**TASK TO COMPLETE**
Reproduce exactly the line containing "Laundry Basket 3" and each line after it until the listing ends, leaving pictures out.

**MATERIAL PROVIDED**
▼

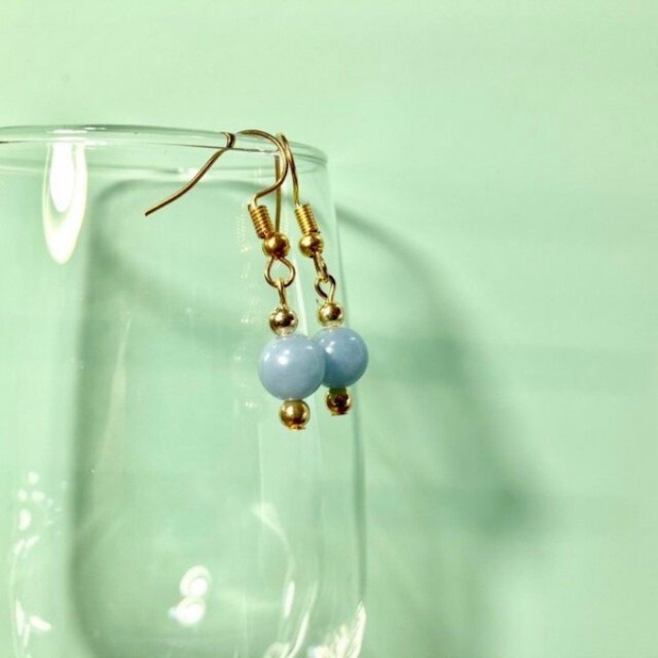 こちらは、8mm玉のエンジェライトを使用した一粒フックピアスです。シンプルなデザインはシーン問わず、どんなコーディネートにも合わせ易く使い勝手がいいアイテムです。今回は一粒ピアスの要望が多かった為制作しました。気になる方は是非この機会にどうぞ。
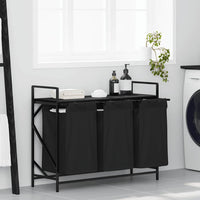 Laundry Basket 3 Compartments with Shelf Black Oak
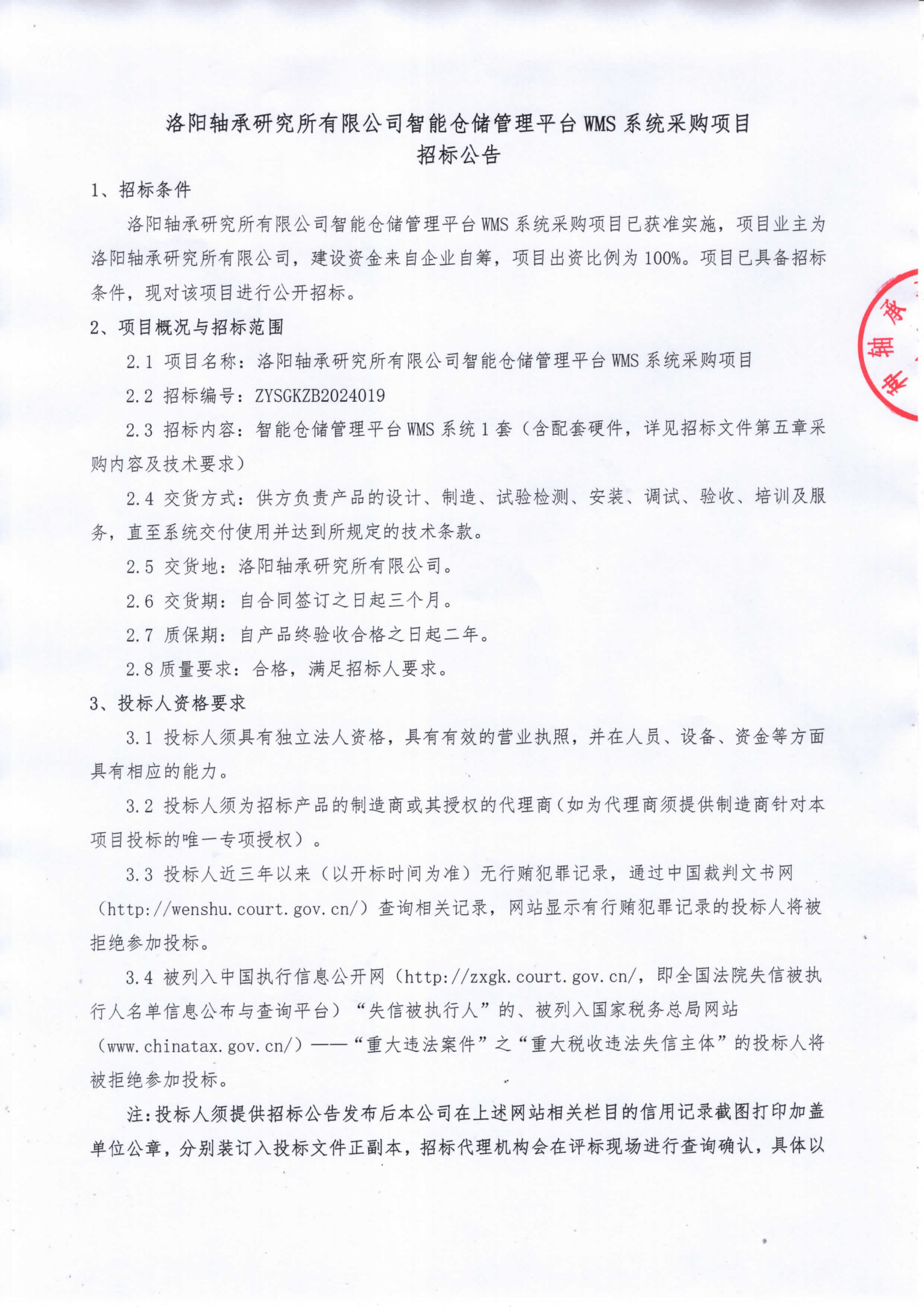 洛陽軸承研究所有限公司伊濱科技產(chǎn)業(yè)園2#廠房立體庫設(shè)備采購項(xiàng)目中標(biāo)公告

▲

**SOLVED EXERCISE**
 Laundry Basket 3 Compartments with Shelf Black Oak
 洛陽軸承研究所有限公司伊濱科技產(chǎn)業(yè)園2#廠房立體庫設(shè)備采購項(xiàng)目中標(biāo)公告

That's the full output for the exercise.